December 13, 2025 updated by: Kun-Hsing Yu, Harvard Medical School (HMS and HSDM)

This study evaluates the diagnostic performance of the Cancer Ontology Supervised Multimodal Orchestration (COSMO) AI system for cancer subtype classification and compares it head-to-head with pathologist-only review. Pathologists will independently review de-identified whole-slide images derived from up to 300 patients across three anatomical sites (brain, lung, kidney) and provide diagnostic assessments. In parallel, COSMO will process the same cases offline to generate independent predictions, enabling direct comparison of diagnostic accuracy between human experts and the AI system.

The study will characterize the diagnostic accuracy of COSMO and pathologists, inter-observer agreement, and variations in performance across anatomical sites and cancer types with different incidence rates. Results will establish how COSMO compares to pathologists on identical cases and will inform the development of AI-assisted diagnostic systems in clinical practice.

Study Overview

Status

Enrolling by invitation

Detailed Description

Study Rationale and Background Diagnostic accuracy in cancer subtype classification varies significantly among pathologists due to differences in expertise, experience, and access to diagnostic resources. The emergence of AI systems in pathology offers the potential to enhance diagnostic performance and consistency in cancer classification. However, direct empirical comparisons of AI-based predictions and pathologists' diagnostic performance on identical cases remain limited in the literature.

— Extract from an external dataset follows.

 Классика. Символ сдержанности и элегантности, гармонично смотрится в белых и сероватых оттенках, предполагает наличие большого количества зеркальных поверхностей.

Study Aims This head-to-head comparative study aims to: (1) evaluate the diagnostic performance of the COSMO AI system in cancer subtype classification across multiple anatomical sites; (2) characterize the diagnostic accuracy of experienced pathologists on the same cases; (3) directly compare diagnostic performance metrics between COSMO and pathologists; and (4) examine concordance patterns and performance variation by anatomical site, cancer incidence category, pathologist experience, and case complexity.

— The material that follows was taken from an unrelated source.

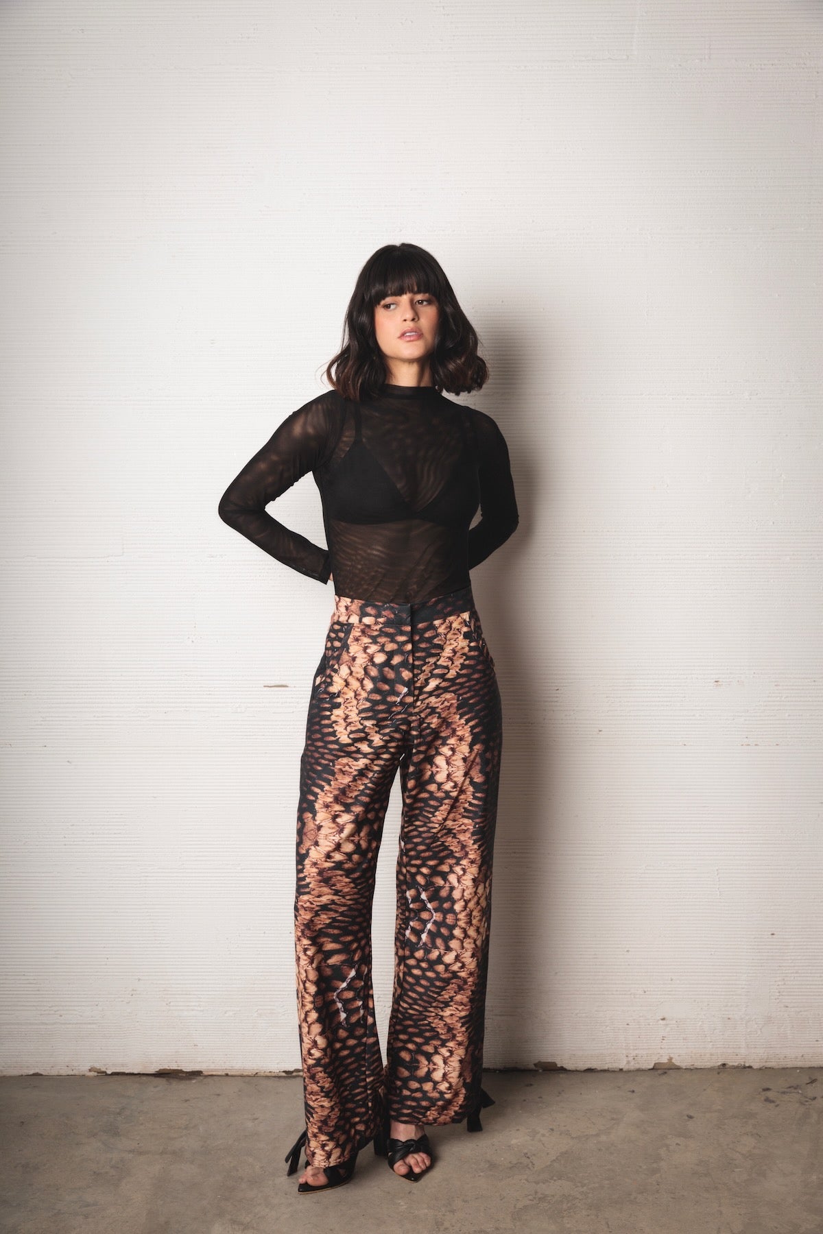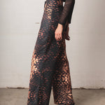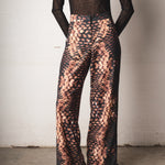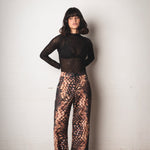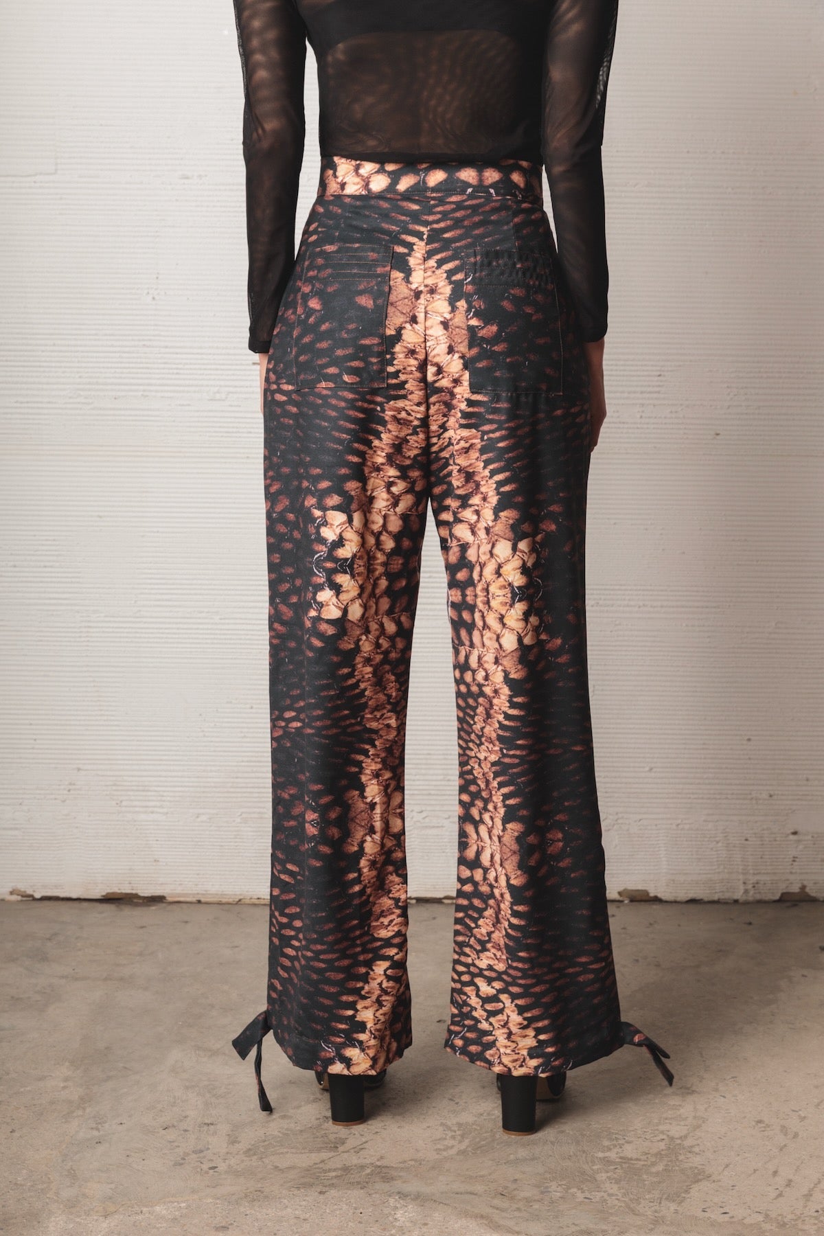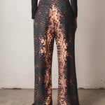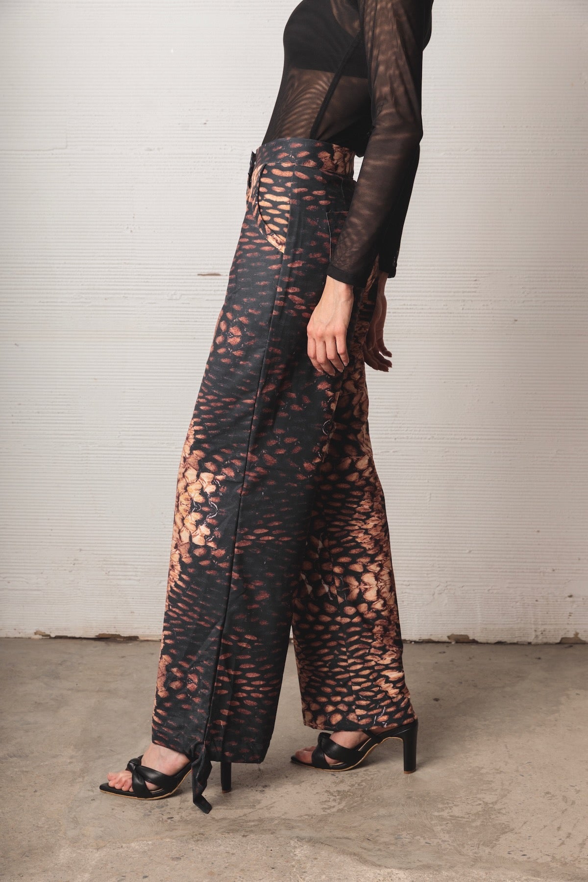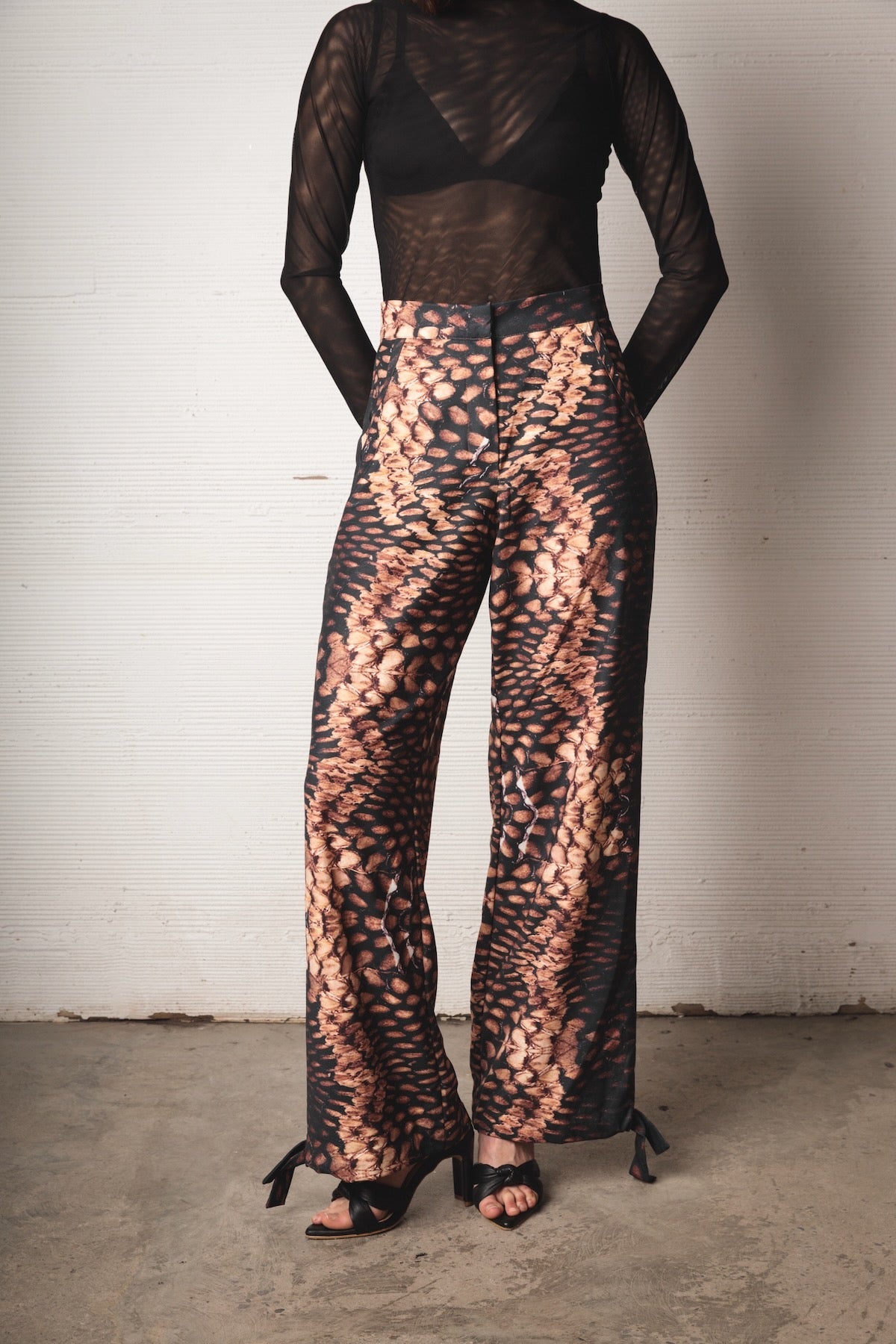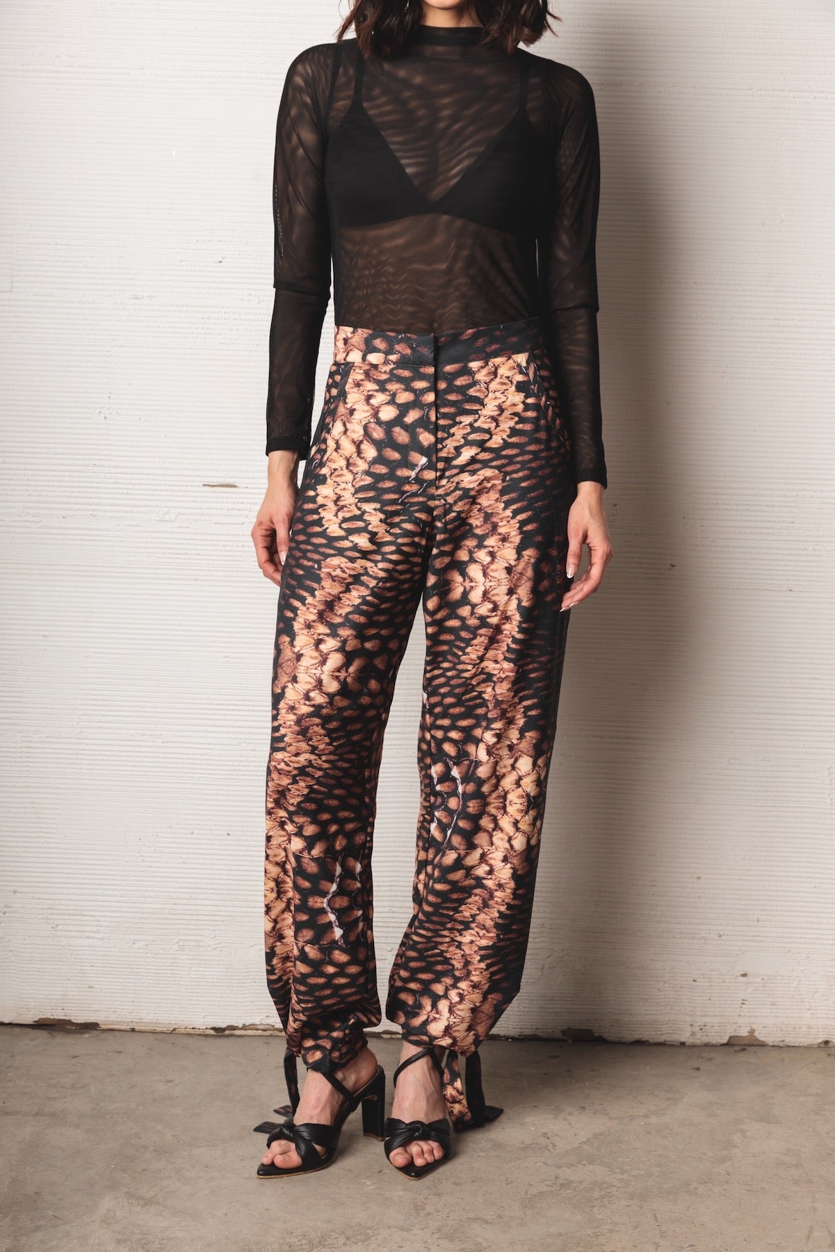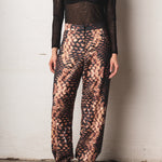Mid-rise pants with a relaxed silhouette and fluid drape. Made from a lightweight fabric with a snake-like print in black, caramel, and beige tones. Includes functional pockets and adjustable straps at the hem for a versatile and distinctive finish.

Study Setting and Participants The study will involve up to 25 board-certified pathologists with 3 to 10+ years of diagnostic experience, recruited from institutions across North America, Europe, and the Asia-Pacific region. Participating pathologists will have domain expertise in neuropathology, pulmonary pathology, urologic pathology, or general anatomical pathology.

Cases and Stratification The study will employ de-identified archival whole-slide images representing up to 300 patients with confirmed reference diagnoses, including 100 brain cancers, 100 lung cancers, and 100 kidney cancers. Cases will be stratified by cancer type and incidence category (common vs. rare or uncommon), consistent with World Health Organization (WHO) guidelines.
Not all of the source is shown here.